■ What you are asked to do
Every entry that follows should be output exactly, and every image in it left out.

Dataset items

*** Begin section ***

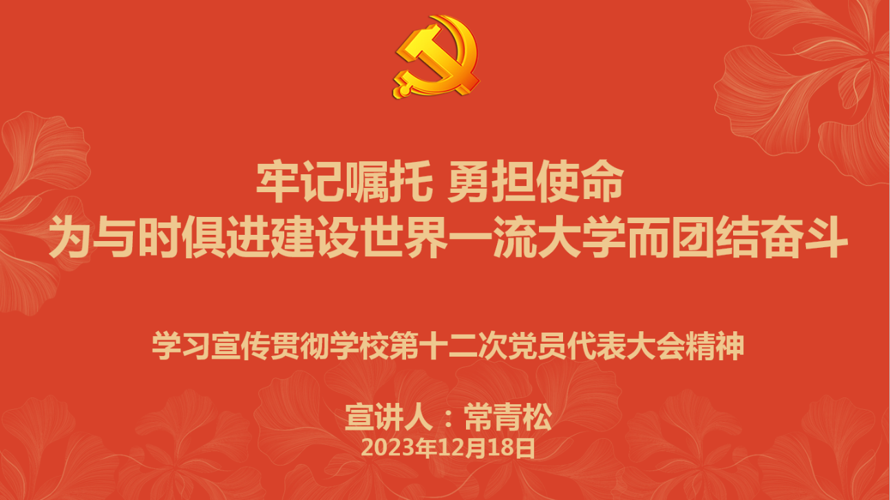 最后,学校第十二次党代会精神宣传团成员、学院党委委员常青松副教授作题为《牢记嘱托 勇担使命 为与时俱进建设世界一流大学而团结奋斗》的报告。常青松从校第十二次党代会的全貌概述及举措要点等方面展开,利用宏观微观相结合的方式传达阐述了学校第十二次党代会精神。他表示,迈入新时代新征程,高校教师应牢记嘱托、勇担使命,紧密围绕高质量发展的主题推进理论创新和实践创新,用好调查研究传家宝,从调研中发现问题,解决问题,把论文真正写在祖国大地上。
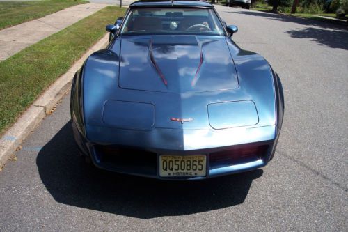 1980 Corvette-automatic-Mostly unmolested original I purchased aprox. 9 yrs. ago from a women who said she owned it aprox 18 years & Purchased from original owner . I believe it to be an L-82 with original motor 230HP 350 Motor & has L-82 emblems ,a,duel snorkel air cleaner & aluminum finned valve covers,I do not know how to compare matching numbers---Has Aftermarket working am/fm cassette player Positive-350 believe to be original engine,runs & Drives well w recent spark plugs,dist cap,rotor & coil,New SS brake calibers,shoes.wheel brake lines,master cylinder & brake booster professionally installed,paint 4 years old with imperfections.New tires with less than 10 miles--power windows work fast-New windshield wiper motor,Mirrored t-tops & also have hardtops without mounting hardware I never tried to use.Restored some interior trim minus carpet & seat covers.Everything else is believed to be in working order except as stated below Negative.A/C never worked(Have new compressor belt) but never installed to troubleshoot,Vaccume headlights slow or non moving,probable vaccume leak (Have new seals & boots for accumulators---clock does not work--Parking brake intact but needs attention/adjustment---power door locks never worked since i owned,I never troubleshooted--Driver seat with rip--slip covers used & I never addressed--origional carpet shows w medium wear----Speedometer just stopped working I was told it is probably the regulator between both cables which needs to be rebuilt or replaced.---Temperature gauge may be faulty-a ,right turn indicator bulb needs replacement,top mask of power antenna broken off & lastly transmission leaks some fluid when srored over winter but not after being driven every few weeks. I might have some other parts & touch up paint which will go with car.any questions call Randy 973-299-1736
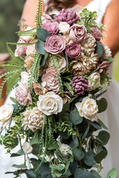 Their overall theme complimented perfectly by her bouquet of soft purples, pale pinks, and vivid whites even as the reclaimed wood of the reception tables seemed to make the subtle pops of color all the more dramatic.
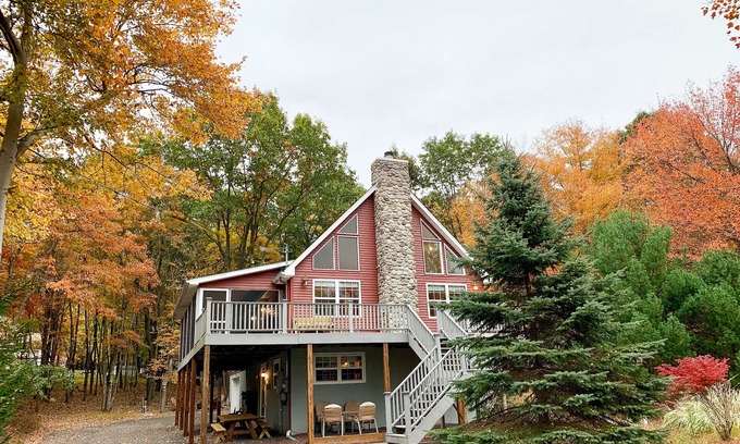 Stay at our chalet-style Pocono Mountain resort house. Nestled in the heart of the Pocono Mountains across from the lake.
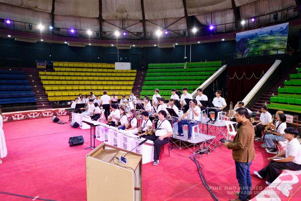 ผู้ช่วยศาสตราจารย์ ดร.ผจญ พีบุ้ง ประธานหลักสูตรดนตรีตะวันตก ประธานโครงการดนตรีสัญจร ยังกล่าวต่ออีกว่า “โครงการดนตรีสัญจรมีการออกแบบกิจกรรมที่ผสมผสานทั้งการแสดงดนตรีโดยวง KKU Band การแลกเปลี่ยนเรียนรู้ทางวิชาการด้านดนตรี และการประชาสัมพันธ์หลักสูตรดุริยางคศิลป์ เพื่อให้นักศึกษาได้พัฒนาทักษะที่จำเป็นต่อการเป็นนักดนตรีมืออาชีพ ไปจนถึงกิจกรรมการแสดงต่อสาธารณชนที่ช่วยเสริมสร้างความมั่นใจ วินัยวิชาชีพ และความเข้าใจในบทบาทหน้าที่ของตนเอง ขอเน้นย้ำว่านักศึกษาดนตรี คือพลังสำคัญที่จะนำพาศิลปวัฒนธรรมทางดนตรีของชาติสู่เวทีโลก ทุกการแสดง ทุกกิจกรรม ล้วนเป็นการสะสมประสบการณ์ที่มีคุณค่า ขอให้ทุกท่านมีความสุขกับการเรียนรู้ในครั้งนี้ และเติบโตไปพร้อมกับคณะศิลปกรรมศาสตร์ของเรา”
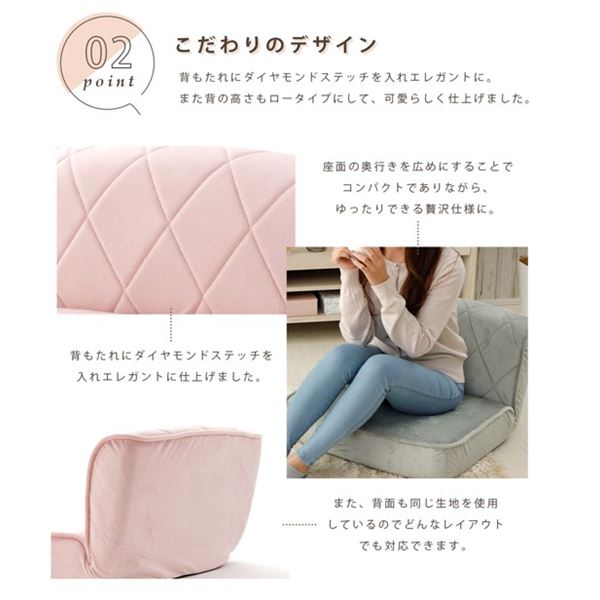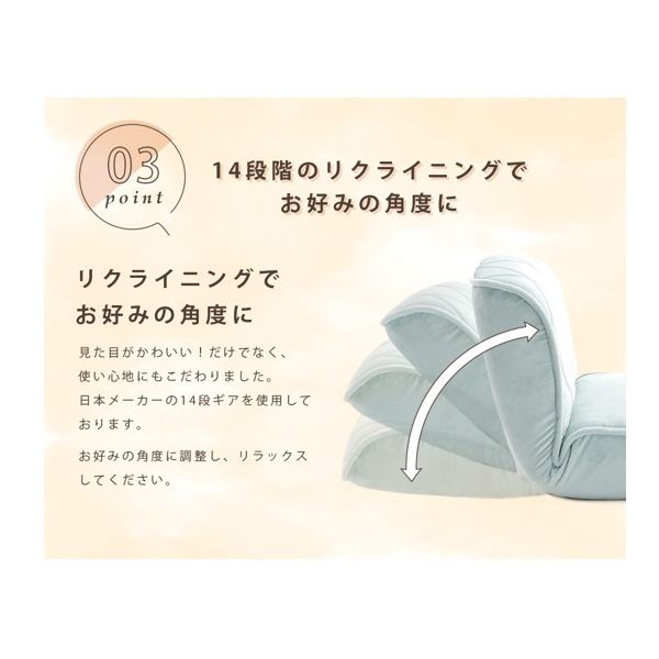 背もたれは14段階リクライニング。背面の表裏にはキルト仕様のお洒落な仕様。座面にはポケットコイルスプリングが入っているのでクッション性抜群!
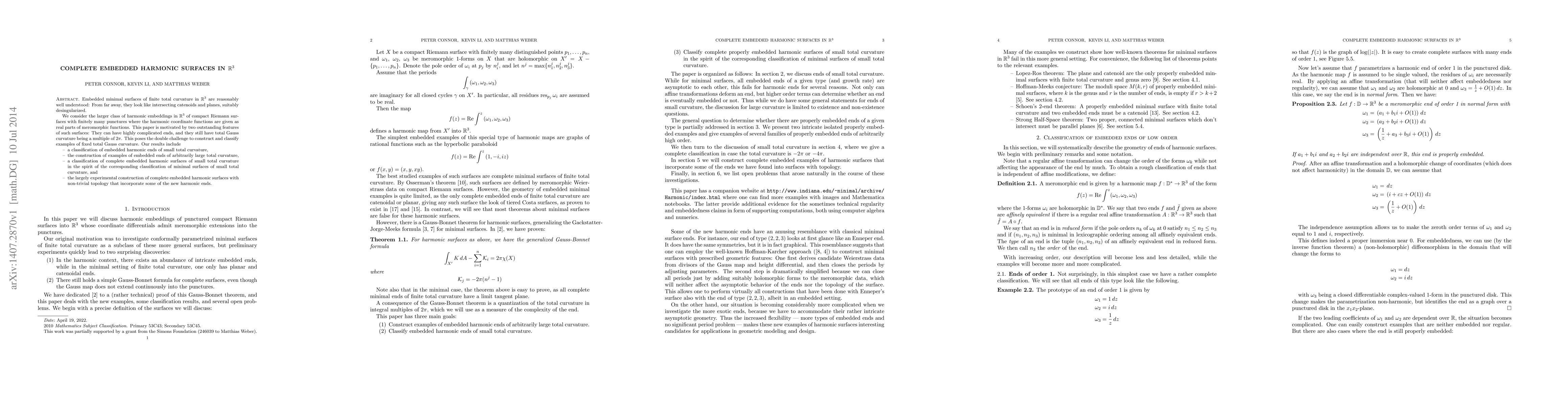 Embedded minimal surfaces of finite total curvature in $\mathbb{R}^3$ are reasonably well understood: From far away, they look like intersecting catenoids and planes, suitably desingularized. We consider the larger class of harmonic embeddings in $\mathbb{R}^{3}$ of compact Riemann surfaces with finitely many punctures where the harmonic coordinate functions are given as real parts of meromorphic functions. This paper is motivated by two outstanding features of such surfaces: They can have highly complicated ends, and they still have total Gauss curvature being a multiple of $2\pi$. This poses the double challenge to construct and classify examples of fixed total Gauss curvature. Our results include - a classification of embedded harmonic ends of small total curvature, - the construction of examples of embedded ends of arbitrarily large total curvature, - a classification of complete embedded harmonic surfaces of small total curvature in the spirit of the corresponding classification of minimal surfaces of small total curvature, and - the largely experimental construction of complete embedded harmonic surfaces with non-trivial topology that incorporate some of the new harmonic ends.

*** End section ***

■ Solution to the problem
 最后,学校第十二次党代会精神宣传团成员、学院党委委员常青松副教授作题为《牢记嘱托 勇担使命 为与时俱进建设世界一流大学而团结奋斗》的报告。常青松从校第十二次党代会的全貌概述及举措要点等方面展开,利用宏观微观相结合的方式传达阐述了学校第十二次党代会精神。他表示,迈入新时代新征程,高校教师应牢记嘱托、勇担使命,紧密围绕高质量发展的主题推进理论创新和实践创新,用好调查研究传家宝,从调研中发现问题,解决问题,把论文真正写在祖国大地上。
 1980 Corvette-automatic-Mostly unmolested original I purchased aprox. 9 yrs. ago from a women who said she owned it aprox 18 years & Purchased from original owner . I believe it to be an L-82 with original motor 230HP 350 Motor & has L-82 emblems ,a,duel snorkel air cleaner & aluminum finned valve covers,I do not know how to compare matching numbers---Has Aftermarket working am/fm cassette player Positive-350 believe to be original engine,runs & Drives well w recent spark plugs,dist cap,rotor & coil,New SS brake calibers,shoes.wheel brake lines,master cylinder & brake booster professionally installed,paint 4 years old with imperfections.New tires with less than 10 miles--power windows work fast-New windshield wiper motor,Mirrored t-tops & also have hardtops without mounting hardware I never tried to use.Restored some interior trim minus carpet & seat covers.Everything else is believed to be in working order except as stated below Negative.A/C never worked(Have new compressor belt) but never installed to troubleshoot,Vaccume headlights slow or non moving,probable vaccume leak (Have new seals & boots for accumulators---clock does not work--Parking brake intact but needs attention/adjustment---power door locks never worked since i owned,I never troubleshooted--Driver seat with rip--slip covers used & I never addressed--origional carpet shows w medium wear----Speedometer just stopped working I was told it is probably the regulator between both cables which needs to be rebuilt or replaced.---Temperature gauge may be faulty-a ,right turn indicator bulb needs replacement,top mask of power antenna broken off & lastly transmission leaks some fluid when srored over winter but not after being driven every few weeks. I might have some other parts & touch up paint which will go with car.any questions call Randy 973-299-1736
 Their overall theme complimented perfectly by her bouquet of soft purples, pale pinks, and vivid whites even as the reclaimed wood of the reception tables seemed to make the subtle pops of color all the more dramatic.
 Stay at our chalet-style Pocono Mountain resort house. Nestled in the heart of the Pocono Mountains across from the lake.
 ผู้ช่วยศาสตราจารย์ ดร.ผจญ พีบุ้ง ประธานหลักสูตรดนตรีตะวันตก ประธานโครงการดนตรีสัญจร ยังกล่าวต่ออีกว่า “โครงการดนตรีสัญจรมีการออกแบบกิจกรรมที่ผสมผสานทั้งการแสดงดนตรีโดยวง KKU Band การแลกเปลี่ยนเรียนรู้ทางวิชาการด้านดนตรี และการประชาสัมพันธ์หลักสูตรดุริยางคศิลป์ เพื่อให้นักศึกษาได้พัฒนาทักษะที่จำเป็นต่อการเป็นนักดนตรีมืออาชีพ ไปจนถึงกิจกรรมการแสดงต่อสาธารณชนที่ช่วยเสริมสร้างความมั่นใจ วินัยวิชาชีพ และความเข้าใจในบทบาทหน้าที่ของตนเอง ขอเน้นย้ำว่านักศึกษาดนตรี คือพลังสำคัญที่จะนำพาศิลปวัฒนธรรมทางดนตรีของชาติสู่เวทีโลก ทุกการแสดง ทุกกิจกรรม ล้วนเป็นการสะสมประสบการณ์ที่มีคุณค่า ขอให้ทุกท่านมีความสุขกับการเรียนรู้ในครั้งนี้ และเติบโตไปพร้อมกับคณะศิลปกรรมศาสตร์ของเรา”
 背もたれは14段階リクライニング。背面の表裏にはキルト仕様のお洒落な仕様。座面にはポケットコイルスプリングが入っているのでクッション性抜群!
 Embedded minimal surfaces of finite total curvature in $\mathbb{R}^3$ are reasonably well understood: From far away, they look like intersecting catenoids and planes, suitably desingularized. We consider the larger class of harmonic embeddings in $\mathbb{R}^{3}$ of compact Riemann surfaces with finitely many punctures where the harmonic coordinate functions are given as real parts of meromorphic functions. This paper is motivated by two outstanding features of such surfaces: They can have highly complicated ends, and they still have total Gauss curvature being a multiple of $2\pi$. This poses the double challenge to construct and classify examples of fixed total Gauss curvature. Our results include - a classification of embedded harmonic ends of small total curvature, - the construction of examples of embedded ends of arbitrarily large total curvature, - a classification of complete embedded harmonic surfaces of small total curvature in the spirit of the corresponding classification of minimal surfaces of small total curvature, and - the largely experimental construction of complete embedded harmonic surfaces with non-trivial topology that incorporate some of the new harmonic ends.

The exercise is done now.